*ACTIVITY:*
Make an exact copy of the lines from the one containing "A Grand Tour" through the end of the records below, and leave out every picture.

** Opening DATA FOR THE TASK block **

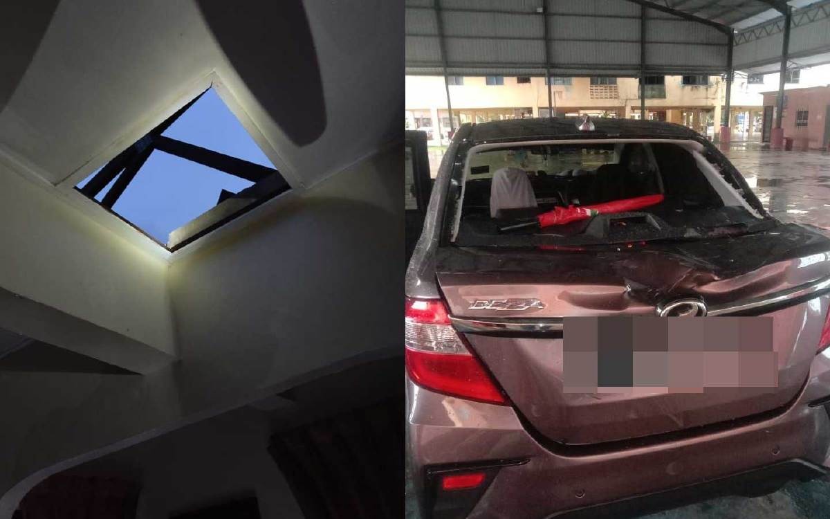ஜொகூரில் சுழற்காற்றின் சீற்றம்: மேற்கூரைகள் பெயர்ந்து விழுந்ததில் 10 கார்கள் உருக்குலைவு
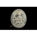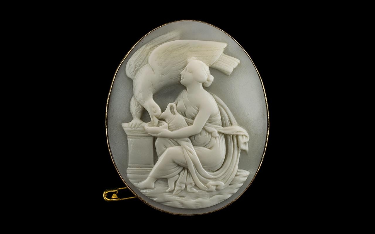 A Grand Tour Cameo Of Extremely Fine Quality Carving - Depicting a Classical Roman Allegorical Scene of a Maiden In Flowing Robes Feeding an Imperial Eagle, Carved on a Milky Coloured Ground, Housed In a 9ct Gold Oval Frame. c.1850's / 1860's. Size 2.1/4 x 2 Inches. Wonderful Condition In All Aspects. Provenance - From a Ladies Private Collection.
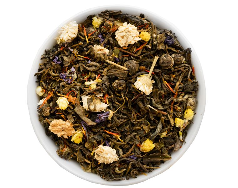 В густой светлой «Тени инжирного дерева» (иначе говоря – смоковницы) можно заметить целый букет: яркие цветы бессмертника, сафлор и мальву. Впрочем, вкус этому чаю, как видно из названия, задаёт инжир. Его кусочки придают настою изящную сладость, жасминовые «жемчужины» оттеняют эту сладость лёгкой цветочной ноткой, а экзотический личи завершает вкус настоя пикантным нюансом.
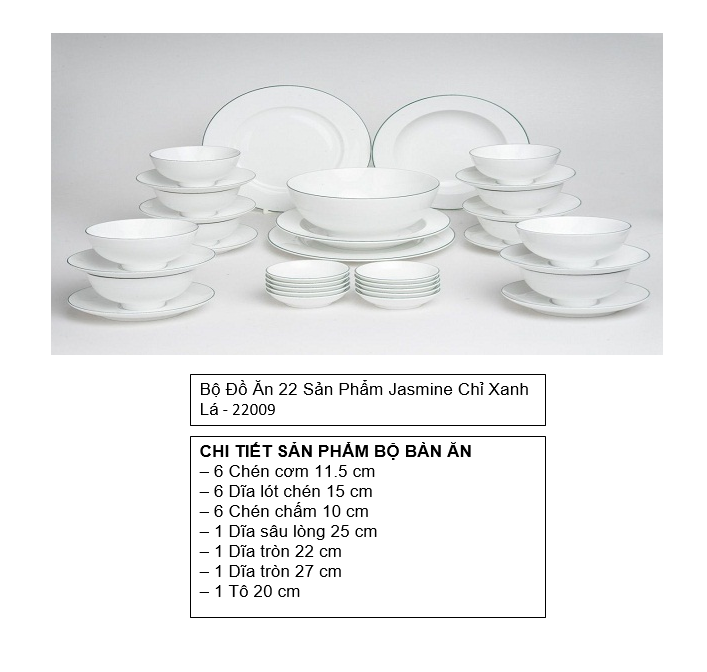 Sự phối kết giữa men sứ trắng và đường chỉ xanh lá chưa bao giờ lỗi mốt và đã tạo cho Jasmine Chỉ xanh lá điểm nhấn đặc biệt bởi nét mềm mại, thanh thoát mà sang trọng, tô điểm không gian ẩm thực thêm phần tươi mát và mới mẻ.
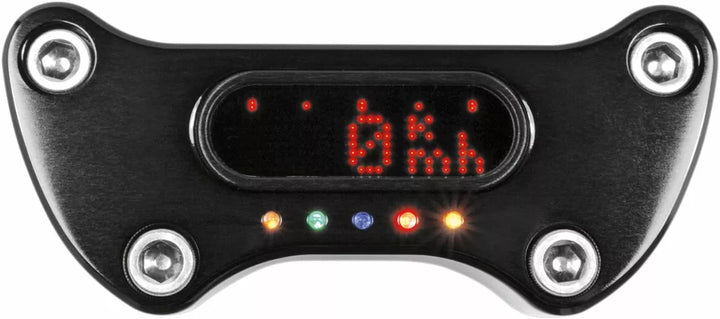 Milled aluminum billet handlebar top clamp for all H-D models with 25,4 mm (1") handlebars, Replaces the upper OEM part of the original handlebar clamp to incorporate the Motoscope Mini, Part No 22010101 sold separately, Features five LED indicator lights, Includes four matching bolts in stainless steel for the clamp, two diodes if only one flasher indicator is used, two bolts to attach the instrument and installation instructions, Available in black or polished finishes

** Closing DATA FOR THE TASK block **

*ANSWER TO THIS EXERCISE:*
 A Grand Tour Cameo Of Extremely Fine Quality Carving - Depicting a Classical Roman Allegorical Scene of a Maiden In Flowing Robes Feeding an Imperial Eagle, Carved on a Milky Coloured Ground, Housed In a 9ct Gold Oval Frame. c.1850's / 1860's. Size 2.1/4 x 2 Inches. Wonderful Condition In All Aspects. Provenance - From a Ladies Private Collection.
 В густой светлой «Тени инжирного дерева» (иначе говоря – смоковницы) можно заметить целый букет: яркие цветы бессмертника, сафлор и мальву. Впрочем, вкус этому чаю, как видно из названия, задаёт инжир. Его кусочки придают настою изящную сладость, жасминовые «жемчужины» оттеняют эту сладость лёгкой цветочной ноткой, а экзотический личи завершает вкус настоя пикантным нюансом.
 Sự phối kết giữa men sứ trắng và đường chỉ xanh lá chưa bao giờ lỗi mốt và đã tạo cho Jasmine Chỉ xanh lá điểm nhấn đặc biệt bởi nét mềm mại, thanh thoát mà sang trọng, tô điểm không gian ẩm thực thêm phần tươi mát và mới mẻ.
 Milled aluminum billet handlebar top clamp for all H-D models with 25,4 mm (1") handlebars, Replaces the upper OEM part of the original handlebar clamp to incorporate the Motoscope Mini, Part No 22010101 sold separately, Features five LED indicator lights, Includes four matching bolts in stainless steel for the clamp, two diodes if only one flasher indicator is used, two bolts to attach the instrument and installation instructions, Available in black or polished finishes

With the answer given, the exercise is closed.